The other is the Judgment of September 20, 2012, 1-2 U 44/12, reported at GRUR-RR 241 (2013), which the reporter titles “Voraussetzungen der Erstbegehungsgefahr einer Patentverletzung” (Conditions for the Danger of Imminent Infringement”).  The appellate court concluded that the mere fact that a generic manufacturer has been granted regulatory approval to market a generic version of a drug does not by itself prove that an infringement is imminent, particularly where the approval will not lapse even if the generic manufacturer hasn’t used it before the expiration of the patent.  In addition, the court stated that it would not be difficult for the patentee to monitor the market for evidence of any infringement that may occur.

The third decision, from the Düsseldorf trial court, is the Judgment of Nov. 20, 2012, 4b O 141/12.  The court decided that the urgency requirement was not undermined by the fact that the patent owner waited about a month after receiving an expert report on whether the defendant was infringing before lodging an application for a preliminary injunction.  The court nevertheless denied the preliminary injunction, on the ground that there was, in fact, no infringement.

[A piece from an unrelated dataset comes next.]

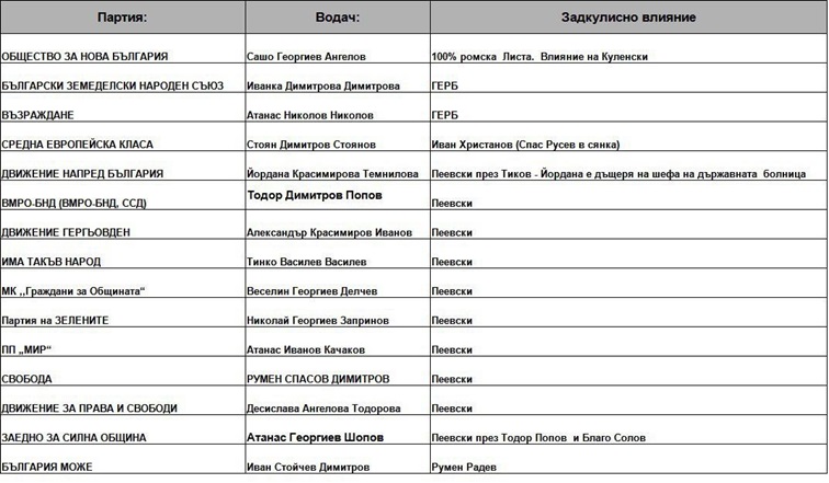 Общото е, че реалната власт не е е ръцете на официалните водачи на листите, а при скритите покровители.

Also of interest is the decision, reported a few weeks back by Florian Mueller on Foss Patents (see here and here), in which the Karlsruhe Oberlandesgericht stayed an injunction that Motorola had obtained against Apple, on the ground that it was likely the patent in suit (related to "push" email) will be invalidated by the Bundespatentgericht.  Mr. Mueller informs me that this case did not involve a preliminary injunction, but rather what Americans would refer to as a "permanent" injunction, meaning an injunction entered after a full-blown trial on the merits.  In Germany, however, such an injunction is only provisionally enforceable pending appeal and the patentee must post a bond (as it would to secure a preliminary injunction).  For further discussion, see this write-up by Klaus Haft et al., Injunctions in Cases of Infringement of IPRs.